Los Angeles seems to have fallen steadily. Then, it becomes a point. Let's take a look at class CBOW in cbow.py in the network construction part.

# --------------- from cbow.py ---------------
class CBOW:
    def __init__(self, vocab_size, hidden_size, window_size, corpus):
        V, H = vocab_size, hidden_size

        #Weight initialization
        W_in = 0.01 * np.random.randn(V, H).astype('f')
        W_out = 0.01 * np.random.randn(V, H).astype('f')

        #Layer generation
        self.in_layers = []
        for i in range(2 * window_size):
            layer = Embedding(W_in)  #Use Embedding layer
            self.in_layers.append(layer)
        self.ns_loss = NegativeSamplingLoss(W_out, corpus, power=0.75, sample_size=5)

        #List all weights and gradients
        layers = self.in_layers + [self.ns_loss]
        self.params, self.grads = [], []
        for layer in layers:
            self.params += layer.params
            self.grads += layer.grads

        #Set distributed representation of words in member variables
        self.word_vecs = W_in

One of the points of speeding up is the adoption of ** Embedding layer **. Take a look at common / layers.py.

3. Embedding layer

# --------------- from common/layers.py --------------
class Embedding:
    def __init__(self, W):
        self.params = [W]
        self.grads = [np.zeros_like(W)]
        self.idx = None

    def forward(self, idx):
        W, = self.params
        self.idx = idx
        out = W[idx]  #Output the line specified by idx
        return out

    def backward(self, dout):
        dW, = self.grads
        dW[...] = 0
        if GPU:
            np.scatter_add(dW, self.idx, dout)
        else:
            np.add.at(dW, self.idx, dout)  #Add data to the row specified by idx
        return None

In Chapter 3, the ** MatMul layer ** was used to find the inner product of the vector and the weight matrix, but when you think about it, it is the inner product of the one-hot vector and the weight matrix, so ** the weight matrix $ W_ {in} All you have to do is specify the $ line **. This is the ** Embed Layer **.

That way, backpropagation only needs to update the corresponding row with the previously transmitted data. However, in mini-batch learning, it is possible that multiple data will happen to come back to the same row and overlap, so instead of replacing, ** data is added **.

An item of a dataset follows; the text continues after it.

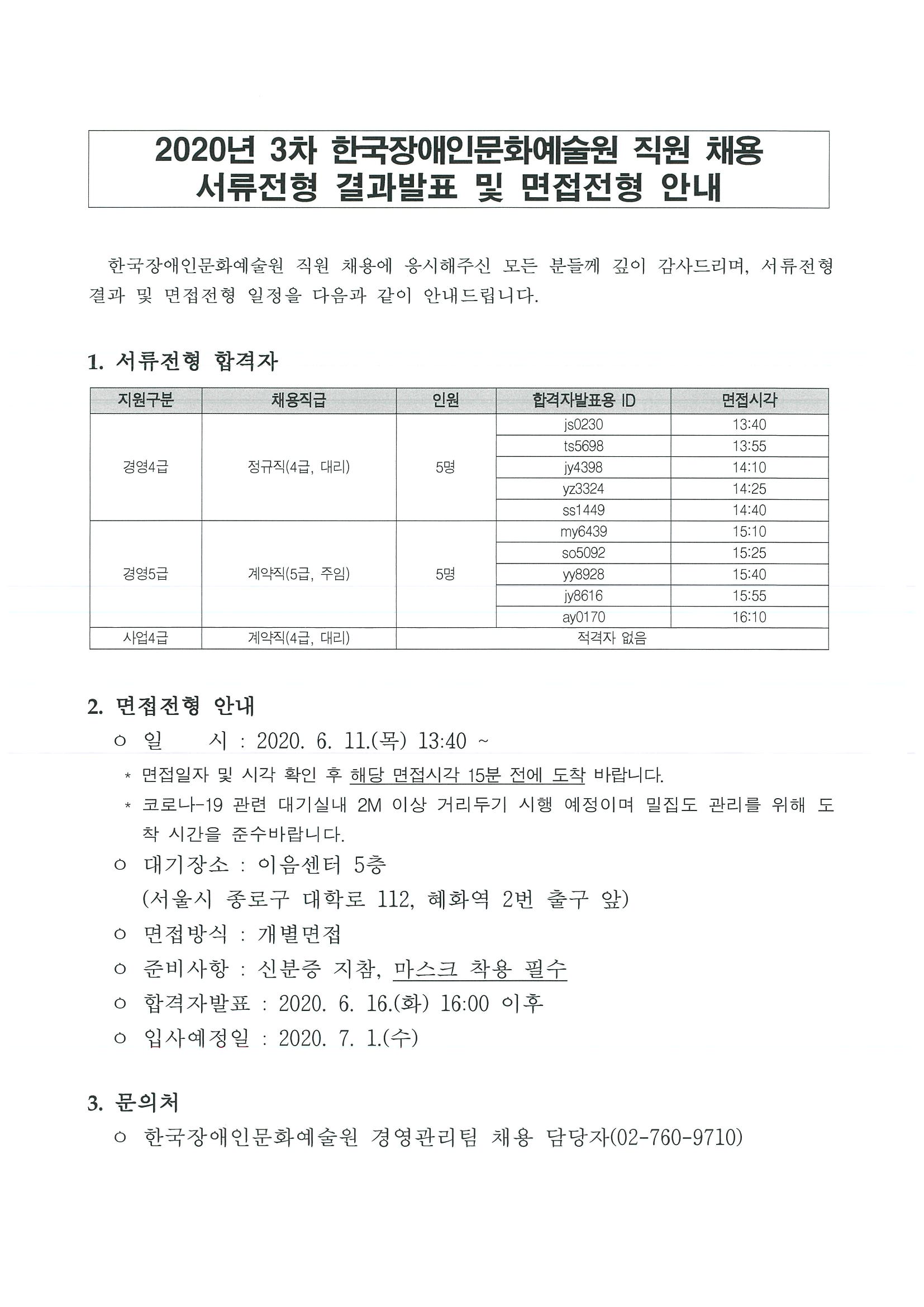 2020년 3차 한국장애인문화예술원 직원 채용 서류전형 결과발표 및 면접전형 안내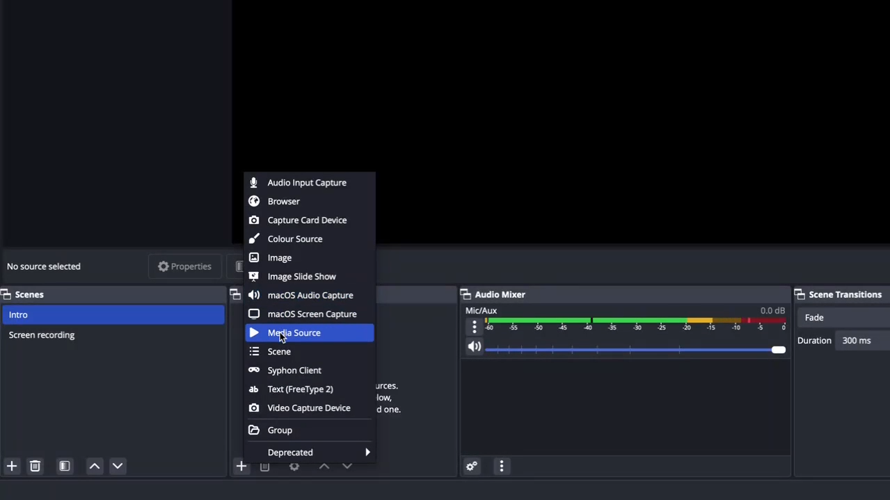 Step 7: To add new sources, select "screen recording" and click on the plus icon. If using a Mac device, select "macOS screen capture".

4.Negative Sampling The second point of speeding up is ** Negative Sampling **. As in Chapter 3, it is unrealistic to classify by Softmax from the output of the number of vocabularies. Then what should we do. The answer is to solve the multi-value classification problem by approximating it to the binary classification problem **.

Take a look at class NegativeSamplingLoss in negative_sampling_layer.py.

# ------------- form negative_sampling_layer.py --------------
class NegativeSamplingLoss:
    def __init__(self, W, corpus, power=0.75, sample_size=5):
        self.sample_size = sample_size
        self.sampler = UnigramSampler(corpus, power, sample_size)
        self.loss_layers = [SigmoidWithLoss() for _ in range(sample_size + 1)]
        self.embed_dot_layers = [EmbeddingDot(W) for _ in range(sample_size + 1)]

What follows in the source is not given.